Activity »
For this exercise, reproduce only the lines from the one holding "Beaded pen with" through the final line of the data below, exactly, and omit pictures.

Supplied data »

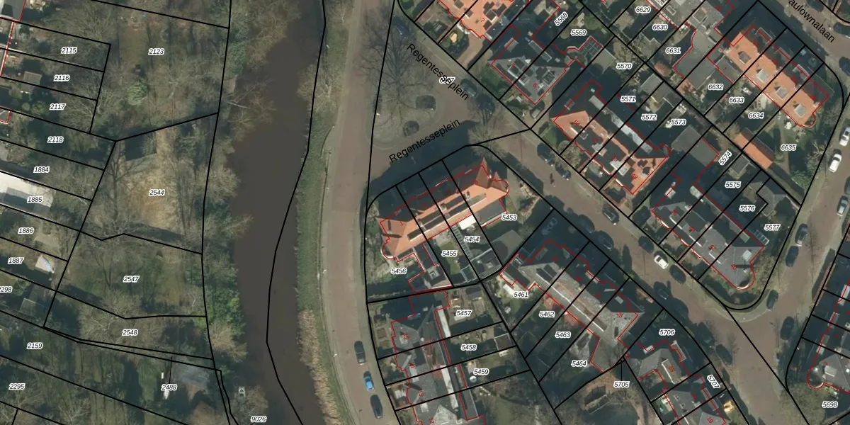 Regentesseplein 2 is gelegen op kadastraal perceel GNK02I5455. Deze kadastrale aanduiding is uniek en wordt gebruikt door het Kadaster om eigendomsrechten en andere zakelijke rechten vast te leggen. Het perceel maakt onderdeel uit van de kadastrale gemeente Ginneken.
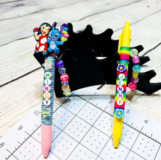 Beaded pen with stitch costume kitty, Cute kitty in Stitch-Outfit beaded pen,custom stitch-inspired kitty bead pen, Blue alien costume bead
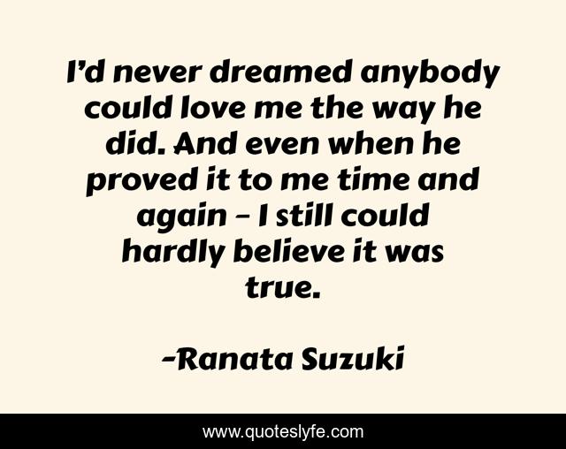 "Ranata Suzuki Quotes." Quoteslyfe.com, 2025. Tue. 09 Dec. 2025. <https://www.quoteslyfe.com/quote/I-d-never-dreamed-anybody-could-love-22419>.
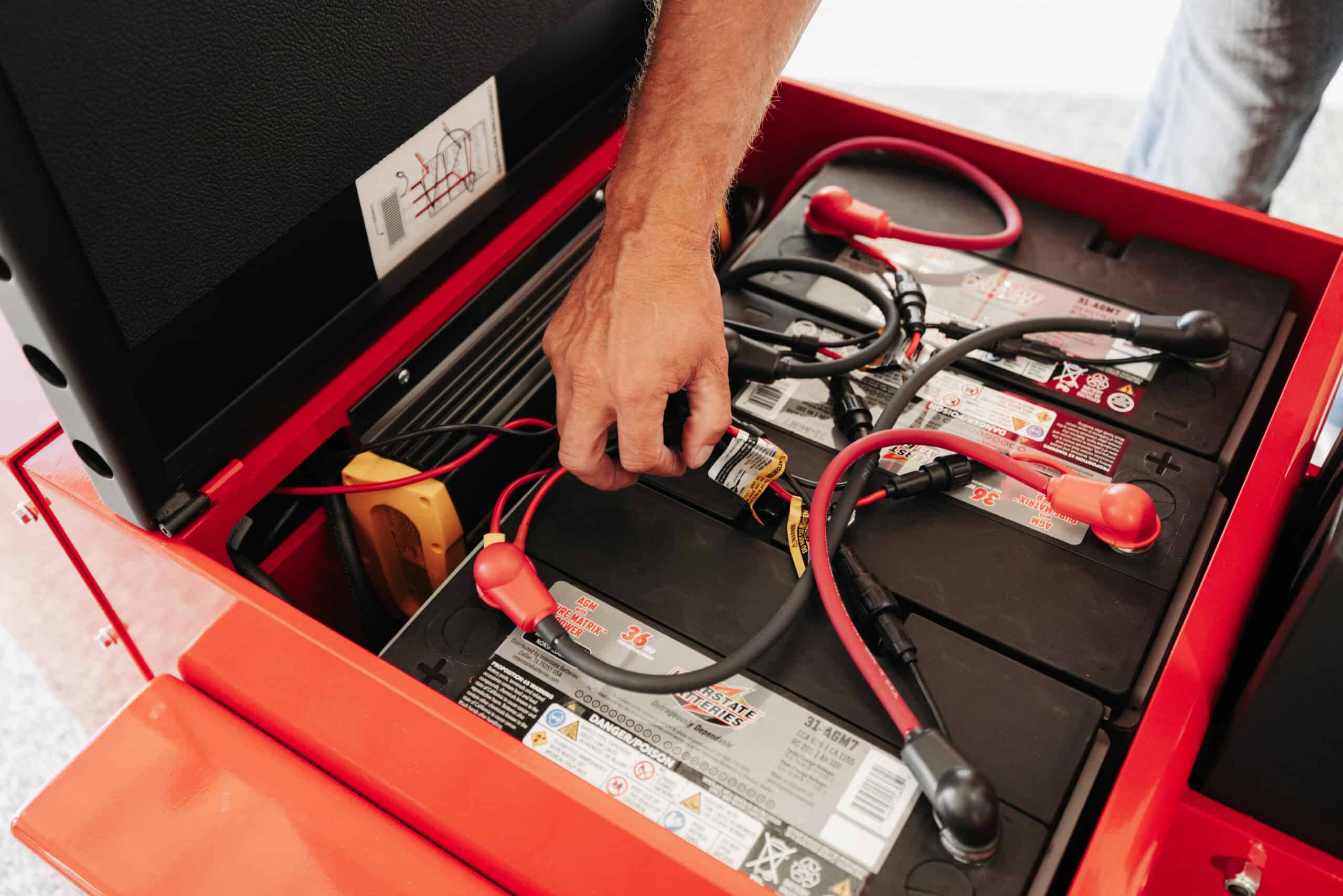 No. PowerPushers use deep-cycle marine batteries, which can also be found in a range of boats and other types of waterborne vehicles.

Output of the task »
 Beaded pen with stitch costume kitty, Cute kitty in Stitch-Outfit beaded pen,custom stitch-inspired kitty bead pen, Blue alien costume bead
 "Ranata Suzuki Quotes." Quoteslyfe.com, 2025. Tue. 09 Dec. 2025. <https://www.quoteslyfe.com/quote/I-d-never-dreamed-anybody-could-love-22419>.
 No. PowerPushers use deep-cycle marine batteries, which can also be found in a range of boats and other types of waterborne vehicles.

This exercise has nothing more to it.